Electron configurations: a must know hack

academics chemistry
By Viemma

Imagine this...you’re taking your general chemistry midterm and you’ve decided to shuffle through the exam and complete all the hard things first. You’ve totally underestimated how much time those problems were going to take you and now you have three minutes left to write the electron configuration of 10 elements. Untimed, this would be easy to do. It’s systematic and straightforward but still requires a decent amount of thought based on how you were taught to do it. Your palms get sweaty. These are supposed to be easy points and there’s a possibility that you won’t complete it. If you do complete it, there’s a possibility that you’ll get them wrong because you were rushed. Your throat is getting tight at this point. You’re trying to recall if you were confident about the other questions you have already done, wondering if you can afford to lose these easy points in front of you. Your teacher announces that there are two more minutes before he starts collecting exams.

What if I told you that there was a faster and flawless way to determine electron configurations? 

What are electron configurations and why do we care?

As you know, protons and neutrons are found in an atom’s nucleus. The nucleus is at the center of an atom; therefore, protons and neutrons are easy to locate.

Since electrons are not found in the nucleus, they can literally be anywhere because the nucleus only takes up a small space of what seems to be a huge amount of ground to cover. Thus, finding an electron can be quite difficult. It’s kind of like looking for a needle in a haystack. Why do we care about finding electrons? Because electrons are the MVP of chemistry. In a nutshell, they’re the reason atoms are able to interact with other atoms.

Electrons can be found in orbitals, a region in space around the nucleus where there is a high (90 %) probability of finding an electron. Orbitals are not an exact place but rather an area that includes that exact place. 

An electron shell or energy level is a collection of orbitals within the same probable distance from the nucleus. Each shell has one or more subshells within it. Each subshell has one or more orbitals within it. Each orbital holds two electrons.

The periodic table consists of elements, all of which multi-electron atoms (except hydrogen of course). Electron configuration tells us how these electrons are distributed among the various atomic orbitals. They show up on general chemistry exams without fail. 

The conventional way to determine electron configuration

As previously mentioned, electron configuration is a particular distribution of electrons among available orbitals. It lists the orbital symbols sequentially with a superscript indicating the number of electrons occupying that orbital. In a neutral element, the number of protons is equal to the number electrons it has. The more electrons an element has, the more orbitals it will have to fill.

There are a few rules that must be followed when writing electron configurations. They will not be covered here. My point in mentioning them is to highlight the fact there is a specific order to how we fill up the orbitals:

electron configuration 2

This is a memory aid that everyone that has ever taken general chemistry has seen. Follow the diagonals sequential, from tail to head. Remember that s gets two electrons, p gets six electrons, d gets 10 electrons, and f gets 14 electrons. But I’m not here to teach you how to use this conventional method. I’m here to tell you what’s wrong with it:

  1. You have to remember this memory aid, diagonals and all.
  2. You have to keep a tight tally of the electrons you’ve used so far so you don’t go over the number of electrons in the element you’re working on.
  3. You have to remember how many electrons fit into each subshell (s, p, d, f).
  4. It takes a lot of time, especially when the element has more than 20 electrons.

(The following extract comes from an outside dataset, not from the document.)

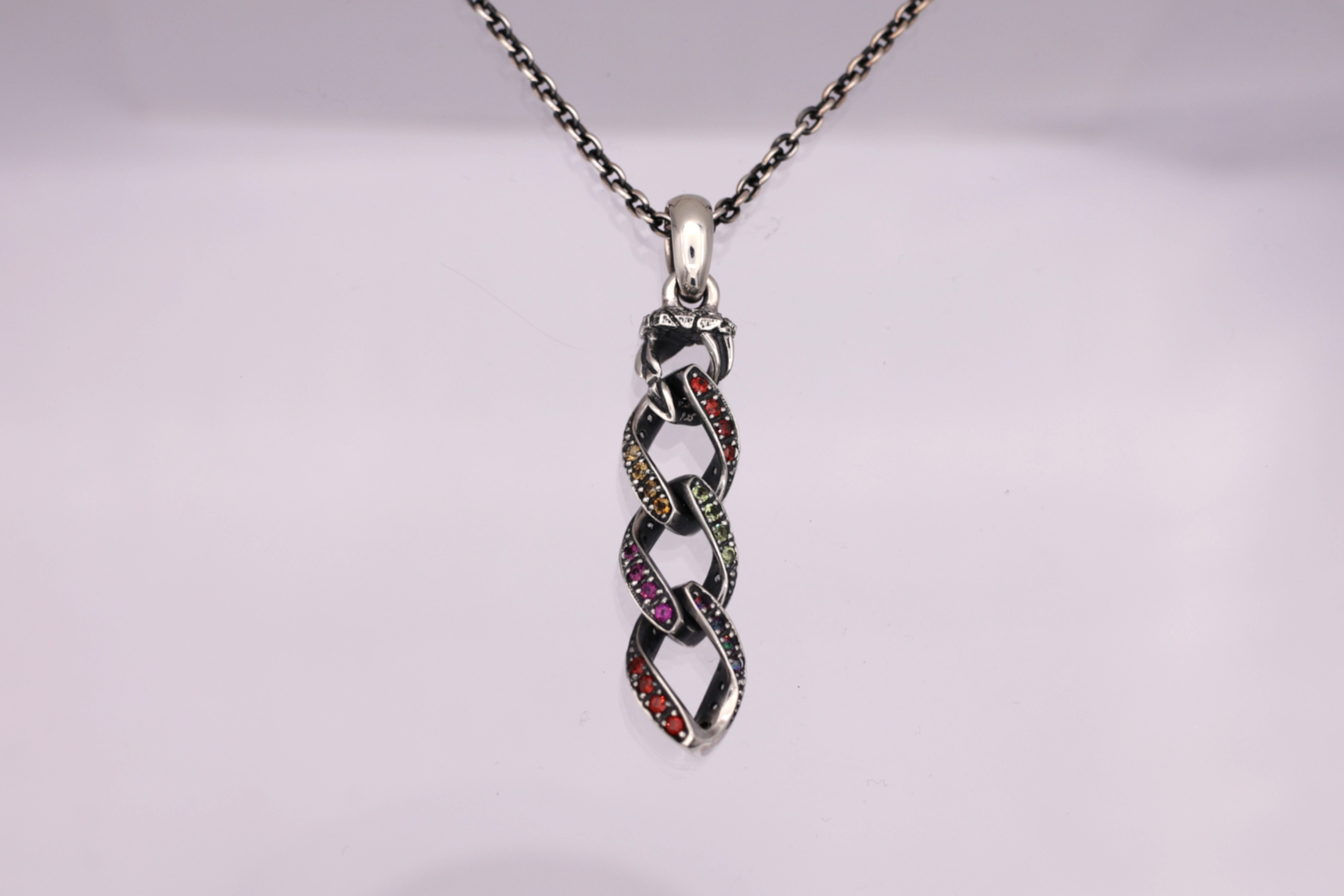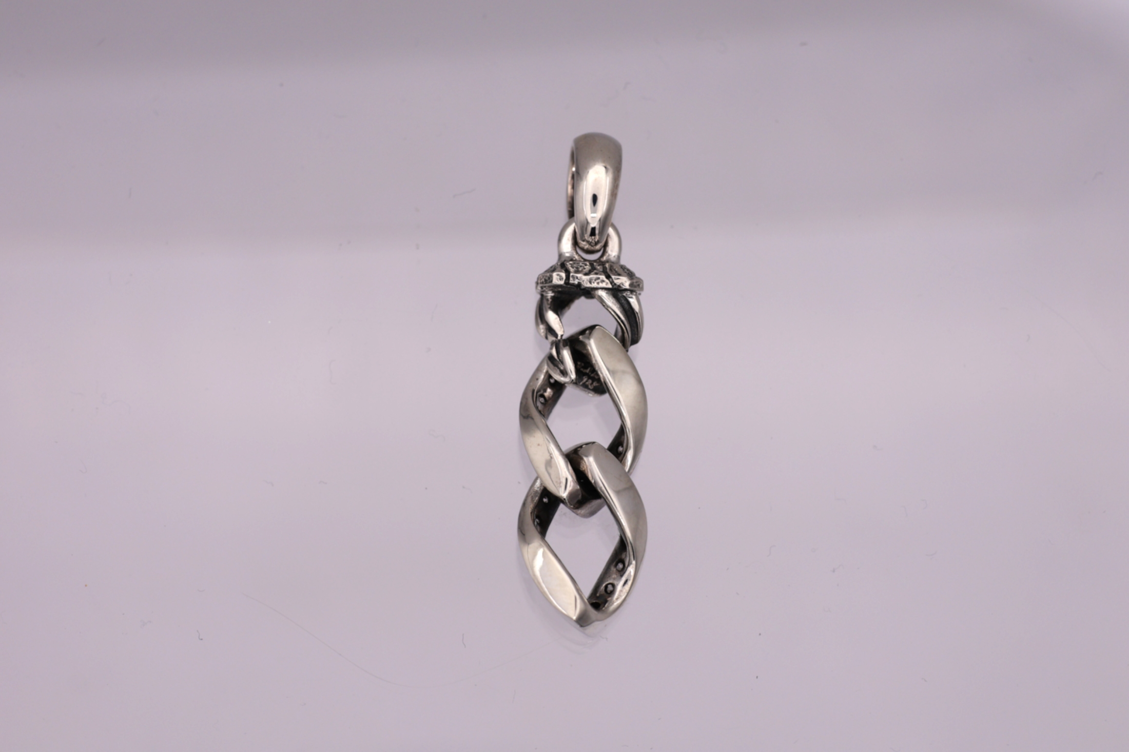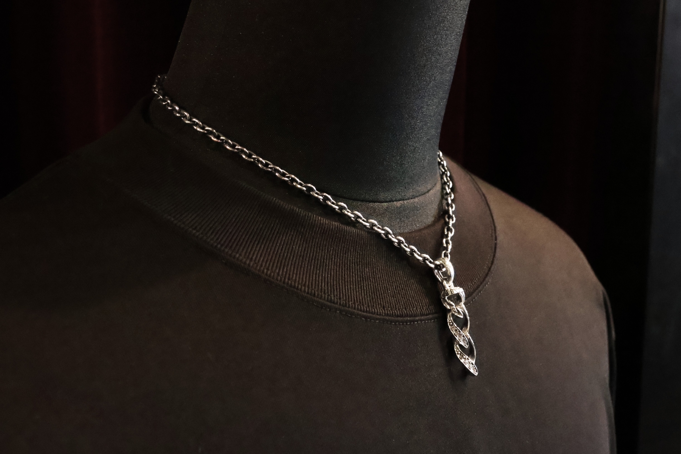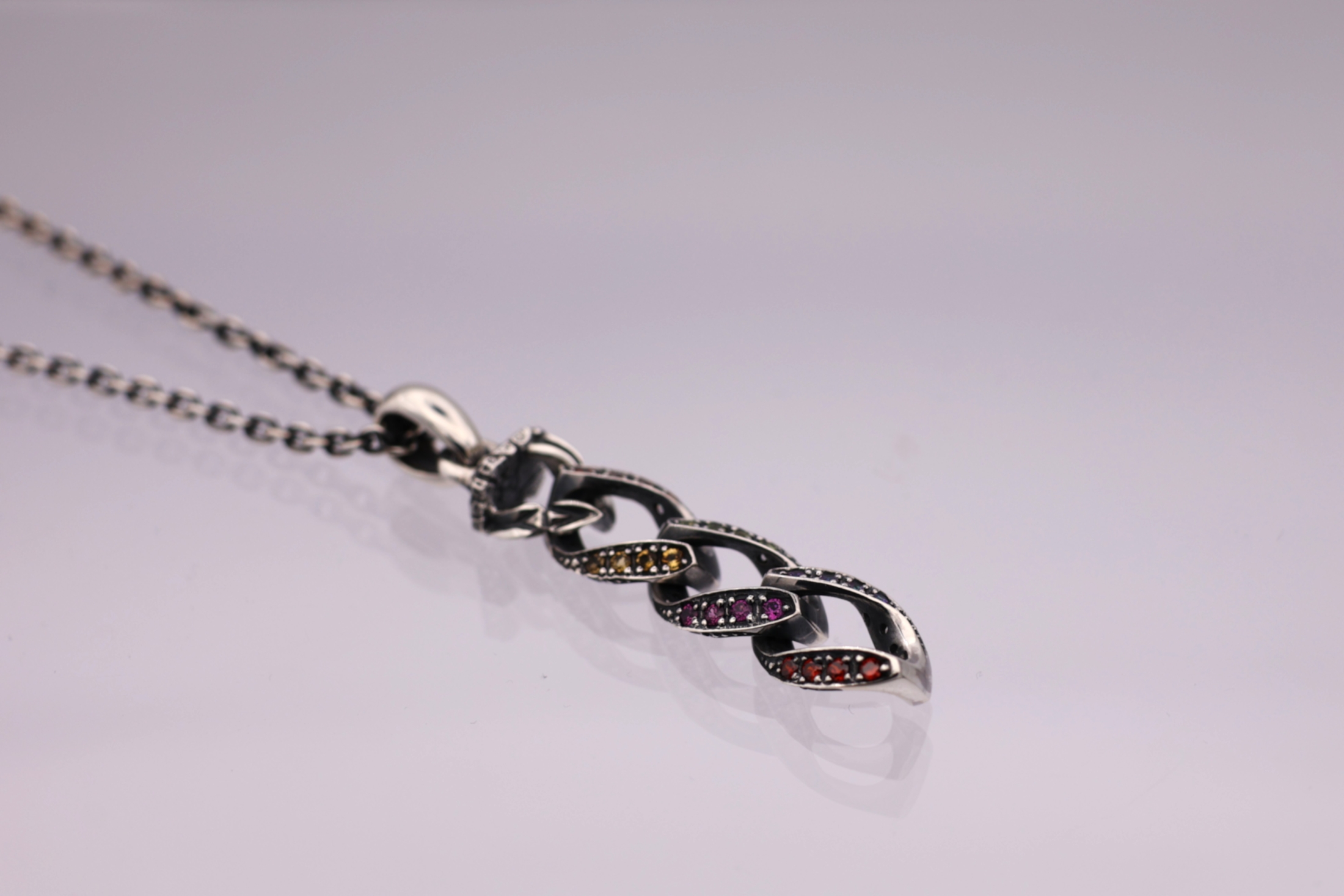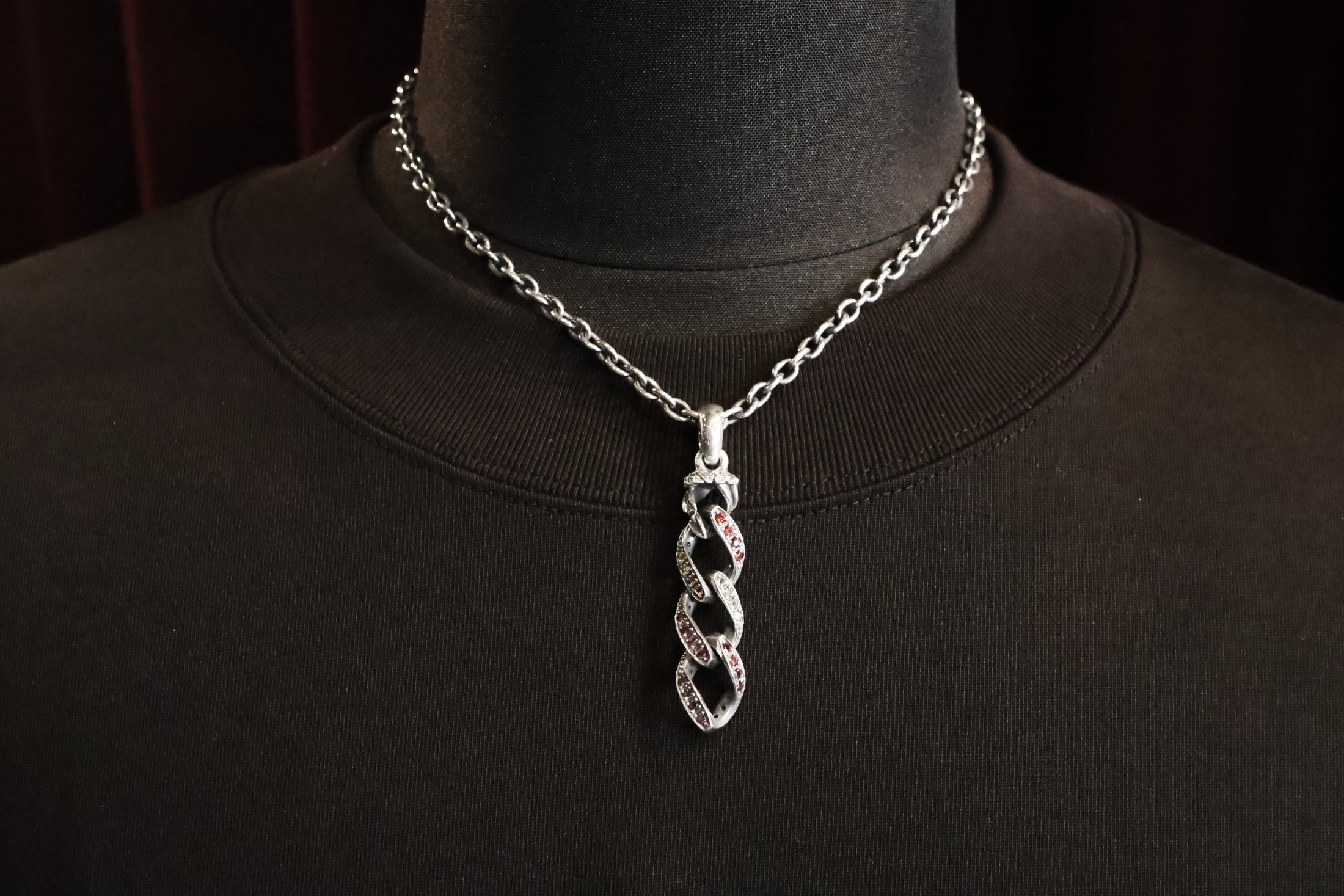 フラットリンクチェーン(キヘイチェーン)デザインのペンダント。キヘイパーツが

The better way to determine electron configurations: the block method

electron configuartions 3

The picture above is the solution to all your electron configuration problems. This is a periodic table that has been labelled in blocks. Notice that, for the d block, the coefficient or number in front is always one less than the row it is in. For the f block, the coefficient is always two less than the row it is in. You’ll have to remember this. When it comes to general chemistry, there’s always going to be things that you just have to remember. Even hacks require some brain work. But besides labeling the clean periodic table when you receive it on test day like you see it above, that’s literally it. So, how do you use it?

Step 1: Label your period table in blocks.

electron configuration 4

Step 2: Identify the element of interest on the periodic table and circle it

electron configuartion 5

Step 3: Locate hydrogen as your starting point

Step 4: Glide across each row, left to right and top to bottom, writing out the electron configuration until you get to your element.

electron configuration 6

Ge: 1s22s22p63s23p64s23d104p2

  • Do not move to the next row until you’ve completed the row above it.
  • Count the number of elements you pass by for each block. That is your superscript.
  • When the d block finally gets incorporated, remember that its coefficient is one less than the row that it is actually in. If you’ve labelled in advance, this will be obvious.

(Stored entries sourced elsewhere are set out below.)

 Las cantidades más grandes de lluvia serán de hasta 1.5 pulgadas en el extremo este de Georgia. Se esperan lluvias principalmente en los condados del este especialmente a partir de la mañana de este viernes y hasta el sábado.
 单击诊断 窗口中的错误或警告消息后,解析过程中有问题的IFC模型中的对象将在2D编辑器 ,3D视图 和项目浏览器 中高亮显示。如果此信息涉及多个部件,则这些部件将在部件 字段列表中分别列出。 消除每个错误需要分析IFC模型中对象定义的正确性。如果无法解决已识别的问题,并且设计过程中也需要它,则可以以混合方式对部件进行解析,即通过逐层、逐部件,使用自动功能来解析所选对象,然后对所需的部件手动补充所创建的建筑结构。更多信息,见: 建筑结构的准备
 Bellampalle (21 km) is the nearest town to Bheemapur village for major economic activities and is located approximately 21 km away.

Step 5: Check your work by adding all the superscripts and seeing if it adds up to the total number of electrons in your element of interest. This is optional. 


2+2+6+2+6+2+10+2 = 32

Here’s a list of things that makes this a much better method:

  1. You don’t have to remember how many electrons fit into each subshell (s, p, d, f).
  2. You don’t have to remember that annoying memory aid, diagonals and all.
  3. You don’t have to keep a tight tally of the electrons you’ve used so far so you don’t go over the number of electrons in the element you’re working on.
  4. It takes much less time and elements with more than 20 electrons aren’t a drag.

Don’t believe this is flawless? If you’re not a believer, try the block method on a few elements and check your work with the conventional method.

Now back to that midterm of yours. Where were we? Oh yes, two minutes to do 10 electron configurations. You finish with only seconds to spare. Good thing you used the block method.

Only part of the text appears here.